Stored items
________________
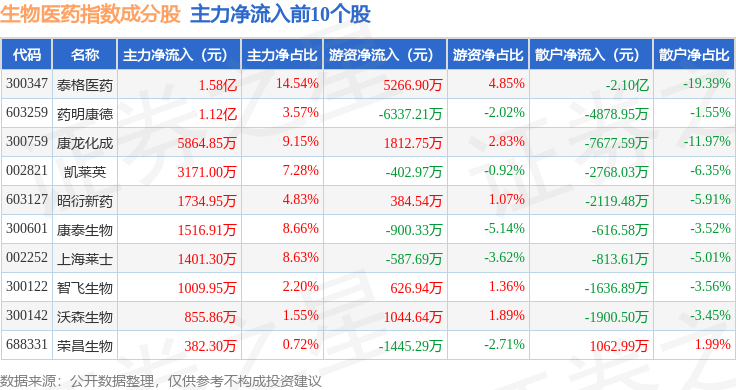 资金流向方面,生物医药(399441)指数成份股当日主力资金净流入合计2.26亿元,游资资金净流入合计2.02亿元,散户资金净流出合计4.28亿元。成份股资金流向详情见下表:
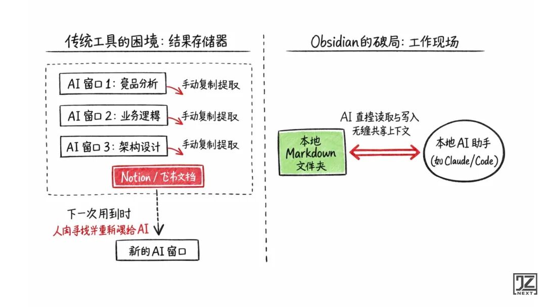 不是因为它多强,而是因为它就是一堆本地 Markdown 文件。Claude 等本地 AI 工具可以直接“读到我正在做的事情”——不是复制后的,不是整理后的,是原始上下文。
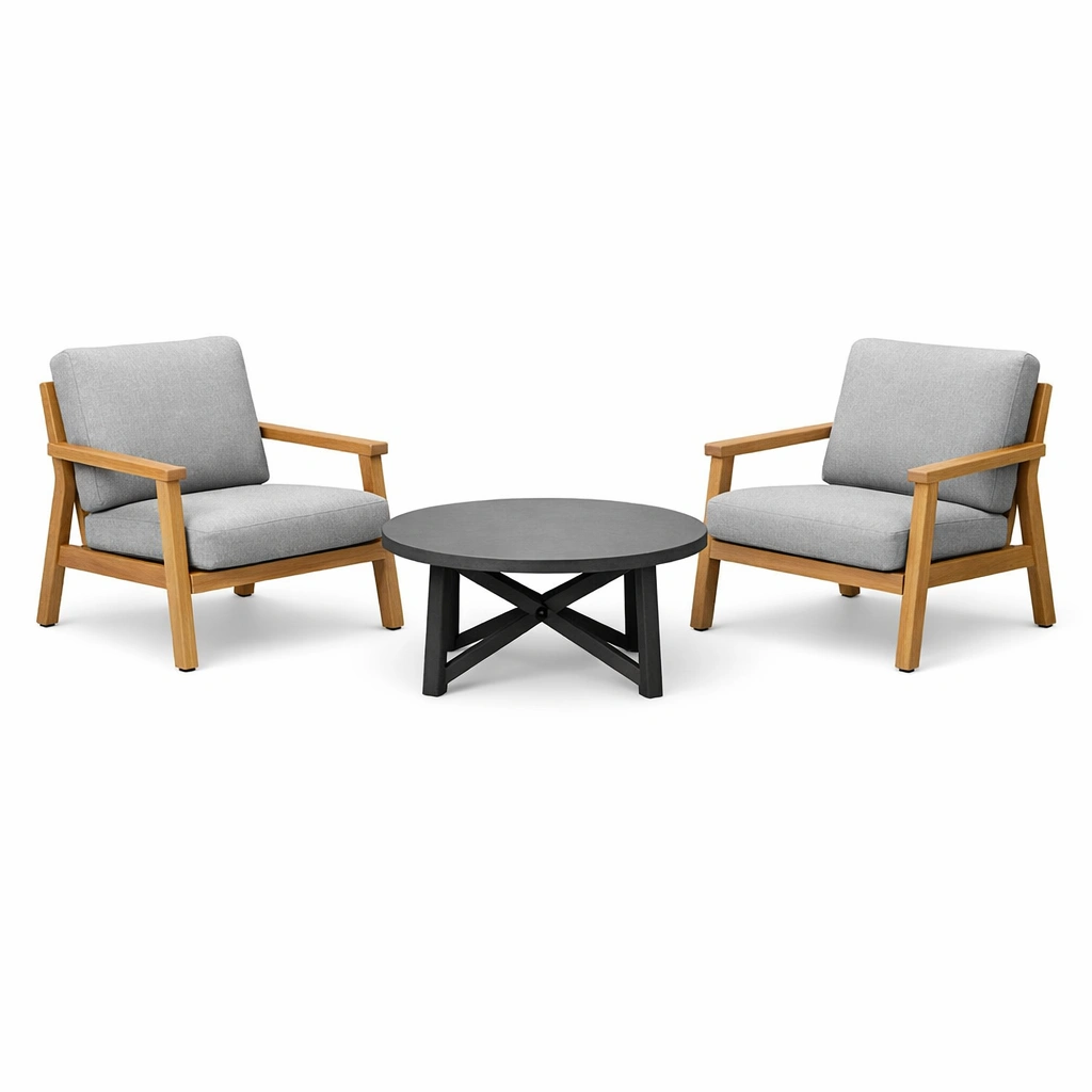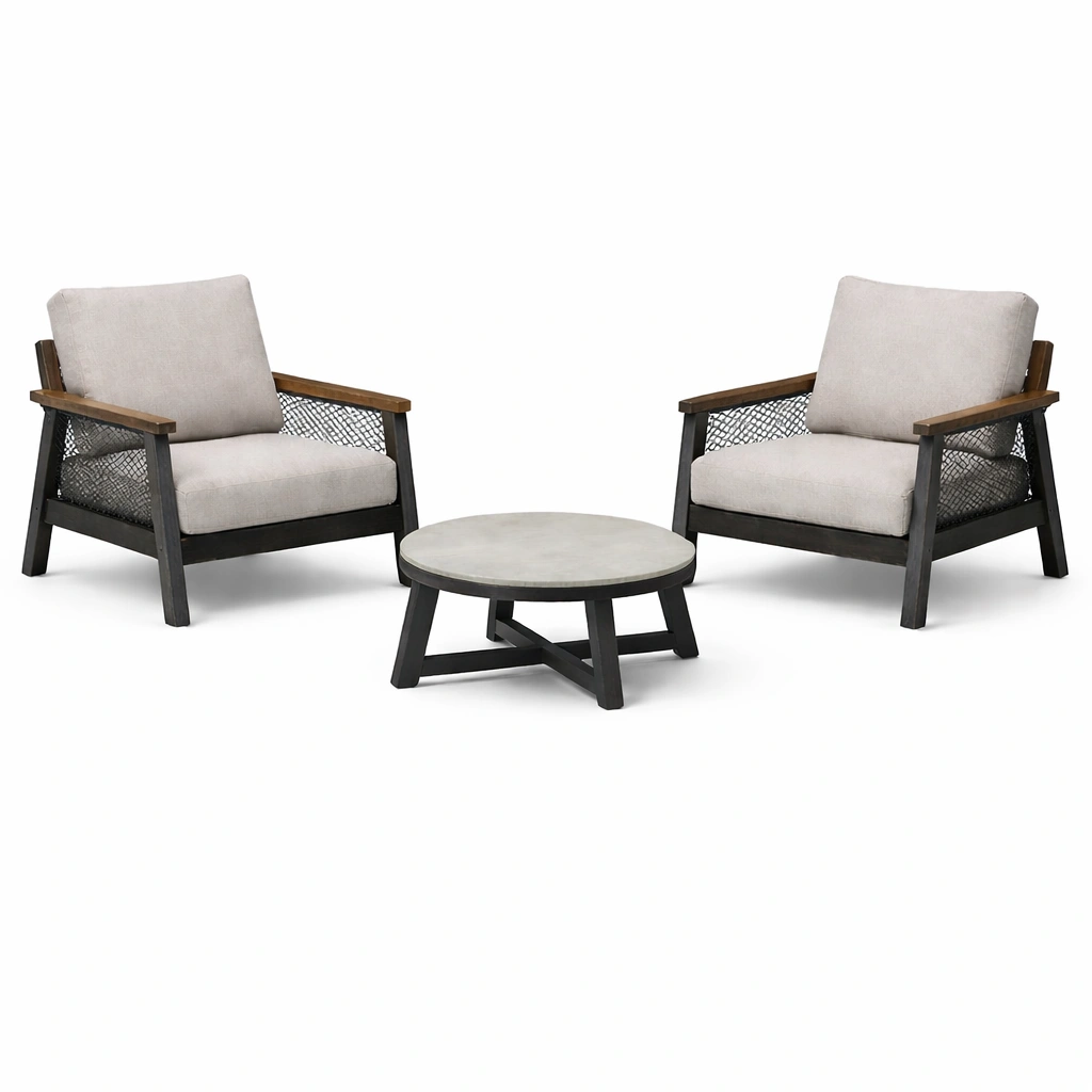 Conjunto de jardín de Sillones de Madera y Mesa de Centro de Metal
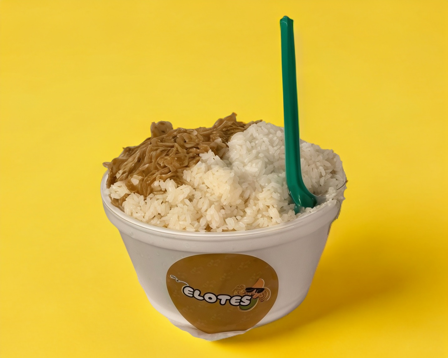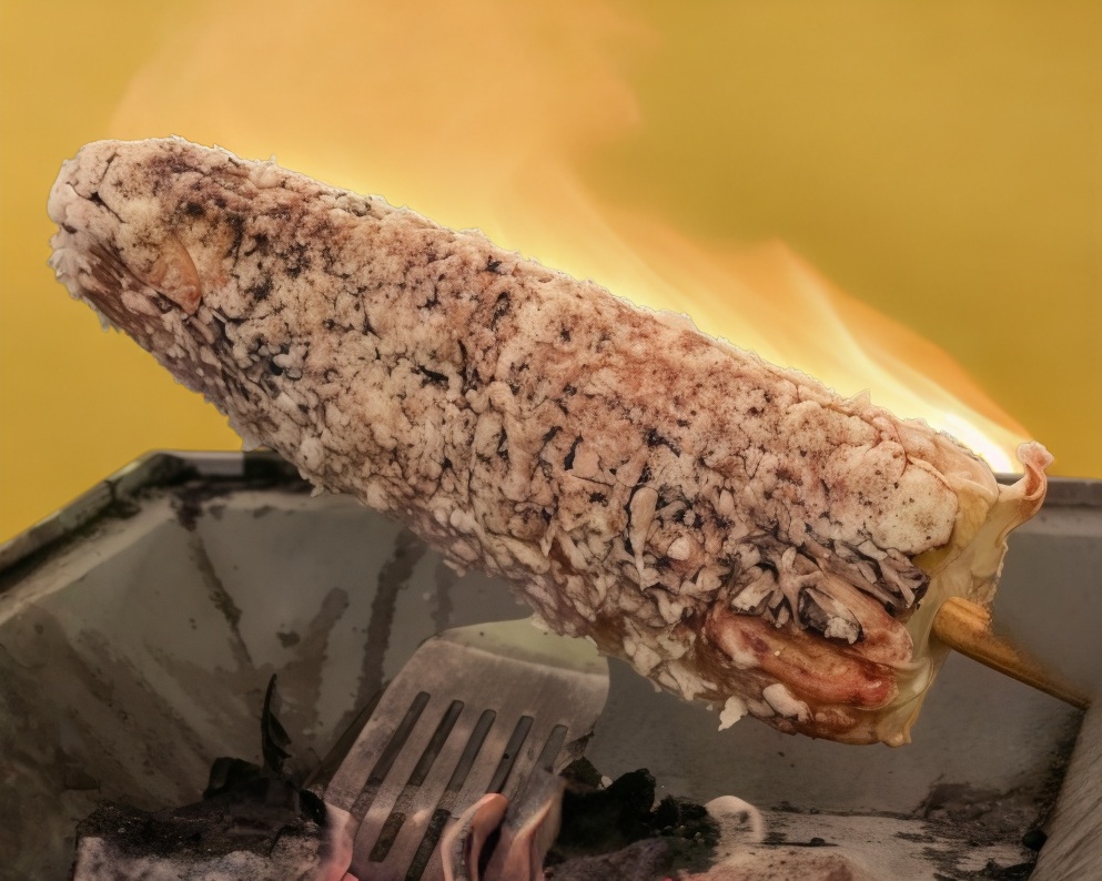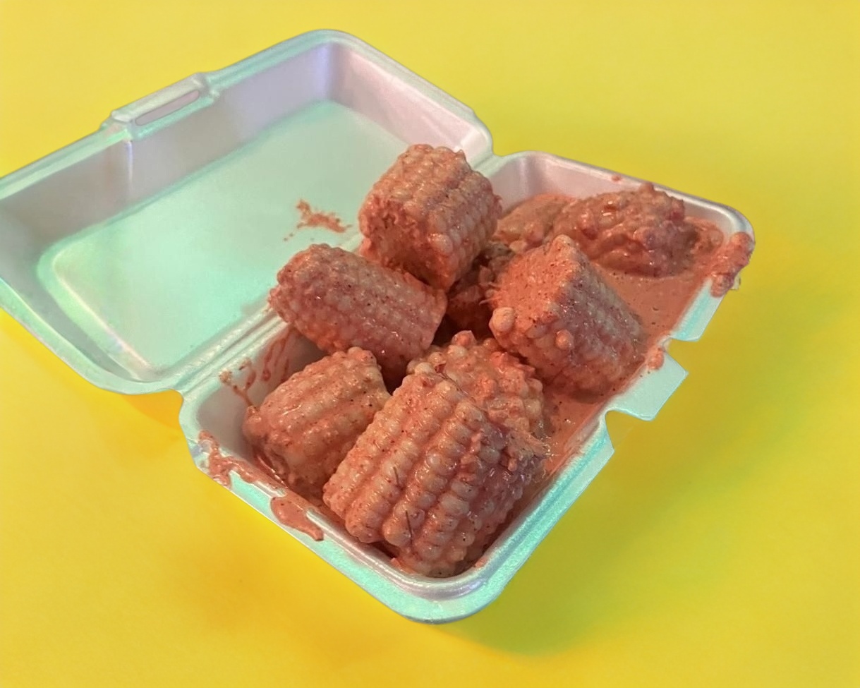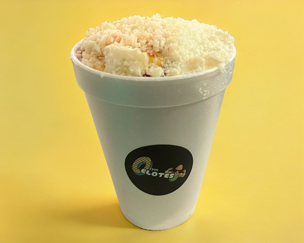 Un elote entero más medía mitad de elote, dorado con mantequilla, más elote desgranado y preparado a tu elección
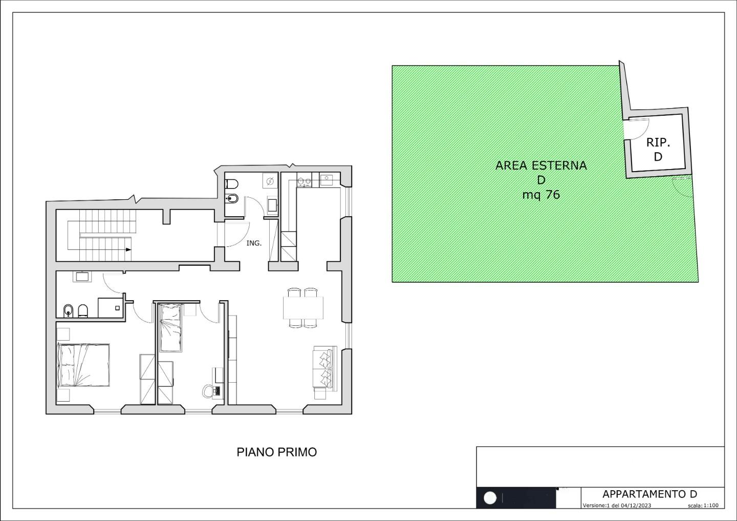 L'appartamento è corredato da resede esclusiva di m 76 , ripostiglio in muratura e due posti macchina nell'area comune.
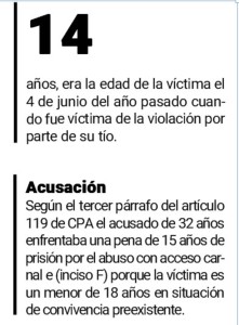 De acuerdo a la denuncia y a los relatos y evidencias plasmados en el expediente, la menor durante la noche del 4 de julio del año pasado fue ultrajada y forzada a callar bajo concretas advertencias de poner en riesgo la vida de su tía (pareja del victimario).
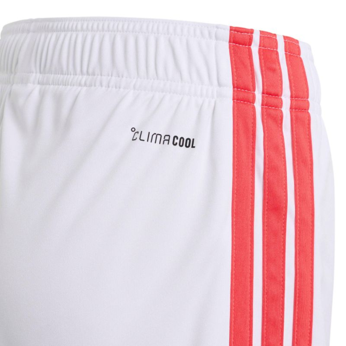 adidas Tiro 26 League Kids' Shorts, White and Red KR0364. These adidas kids' shorts are perfect for crucial matches. Part of the Tiro line, they feature an elastic waistband with an internal drawcord. Climacool technology. Side stripes. Small embroidered logo. Material: 100% recycled polyester.
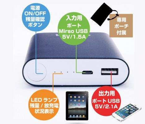 ・スマートフォン充電回数約7回 またはタブレット充電回数約2回 (当社試験結果に基づく目安)
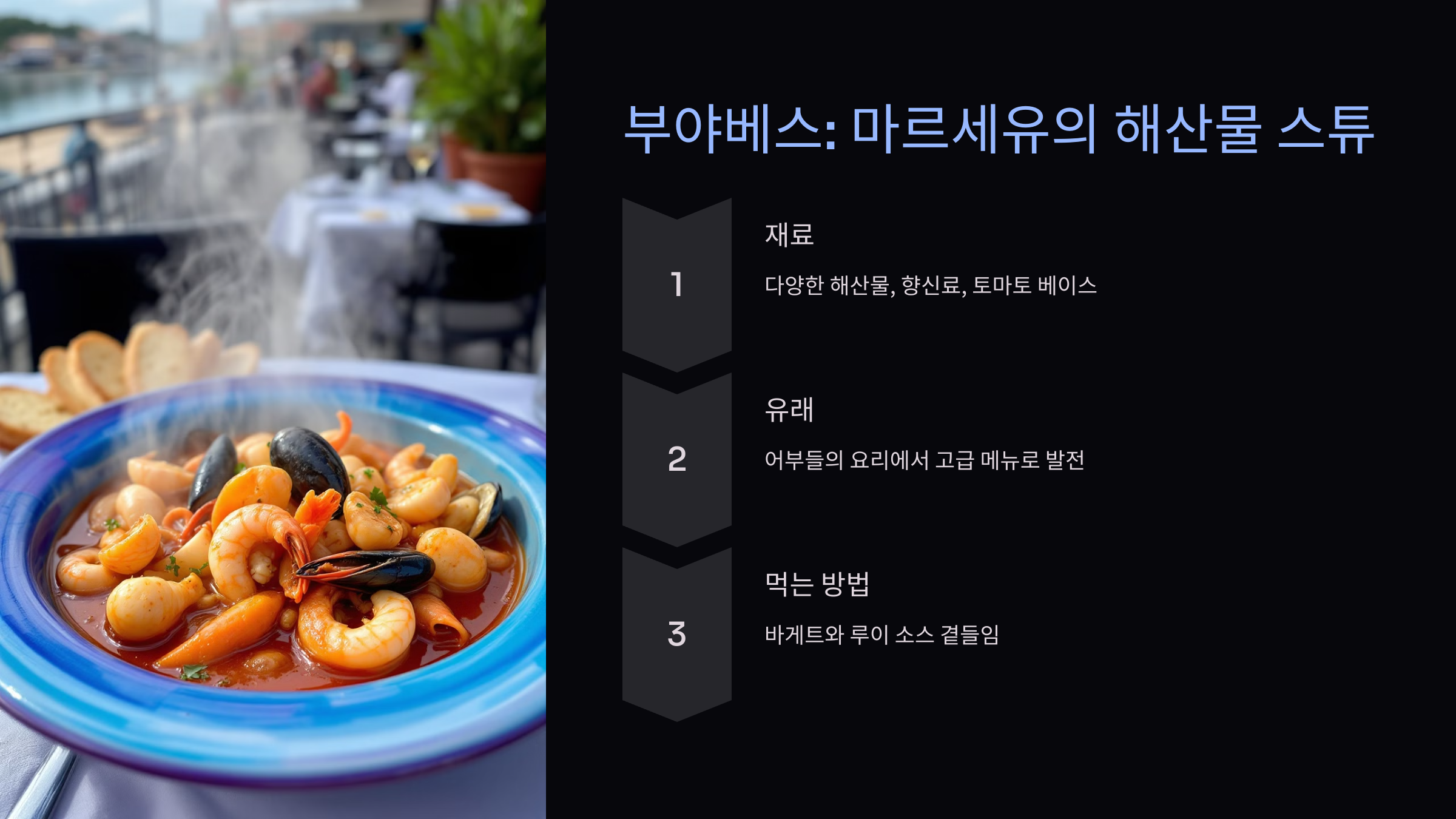 λΆμΌλ² μ€λ μ²μμ μ΄λΆλ€μ΄ νκ³ λ¨μ μμ μ μ΄μ©ν΄ λ§λ€μλ μλ¦¬λ‘ μμλμμ΄μ. μ€λλ μλ κ³ κΈ λ μ€ν λμ λν λ©λ΄λ‘ μ리 μ‘μλ΅λλ€. λ¨Ήλ λ°©λ²λ λ νΉνλ°μ, λ°κ²νΈ λΉ΅μ μ€νλ₯Ό μ°μ΄ λ¨Ήκ±°λ λΉ΅ μμ 루μ΄(Rouille) μμ€λ₯Ό λ°λΌ κ³λ€μ¬ λ¨Ήμ΄μ.
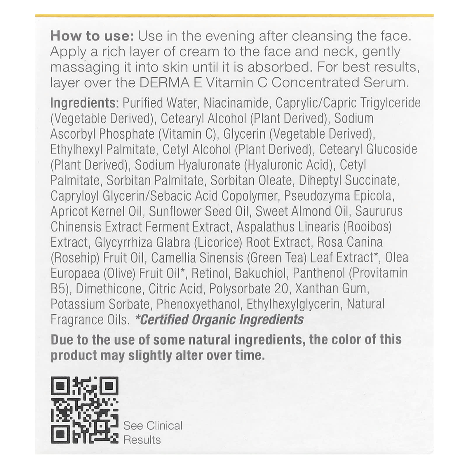 DERMA E Creme Noturno Intenso de Vitamina C 56 g (2 oz) – DERMA E Beleza Hidratantes Faciais e Cremes Hidratantes e cremes para a noite Beleza por Ingrediente Cuidados com a Pele com Vitamina C.
________________
→ **Problem description**: Take the line containing "L'appartamento è corredato" and every line after it to the end of the records, and restate them verbatim, with no pictures.

→ **Written solution**:
 L'appartamento è corredato da resede esclusiva di m 76 , ripostiglio in muratura e due posti macchina nell'area comune.
 De acuerdo a la denuncia y a los relatos y evidencias plasmados en el expediente, la menor durante la noche del 4 de julio del año pasado fue ultrajada y forzada a callar bajo concretas advertencias de poner en riesgo la vida de su tía (pareja del victimario).
 adidas Tiro 26 League Kids' Shorts, White and Red KR0364. These adidas kids' shorts are perfect for crucial matches. Part of the Tiro line, they feature an elastic waistband with an internal drawcord. Climacool technology. Side stripes. Small embroidered logo. Material: 100% recycled polyester.
 ・スマートフォン充電回数約7回 またはタブレット充電回数約2回 (当社試験結果に基づく目安)
 λΆμΌλ² μ€λ μ²μμ μ΄λΆλ€μ΄ νκ³ λ¨μ μμ μ μ΄μ©ν΄ λ§λ€μλ μλ¦¬λ‘ μμλμμ΄μ. μ€λλ μλ κ³ κΈ λ μ€ν λμ λν λ©λ΄λ‘ μ리 μ‘μλ΅λλ€. λ¨Ήλ λ°©λ²λ λ νΉνλ°μ, λ°κ²νΈ λΉ΅μ μ€νλ₯Ό μ°μ΄ λ¨Ήκ±°λ λΉ΅ μμ 루μ΄(Rouille) μμ€λ₯Ό λ°λΌ κ³λ€μ¬ λ¨Ήμ΄μ.
 DERMA E Creme Noturno Intenso de Vitamina C 56 g (2 oz) – DERMA E Beleza Hidratantes Faciais e Cremes Hidratantes e cremes para a noite Beleza por Ingrediente Cuidados com a Pele com Vitamina C.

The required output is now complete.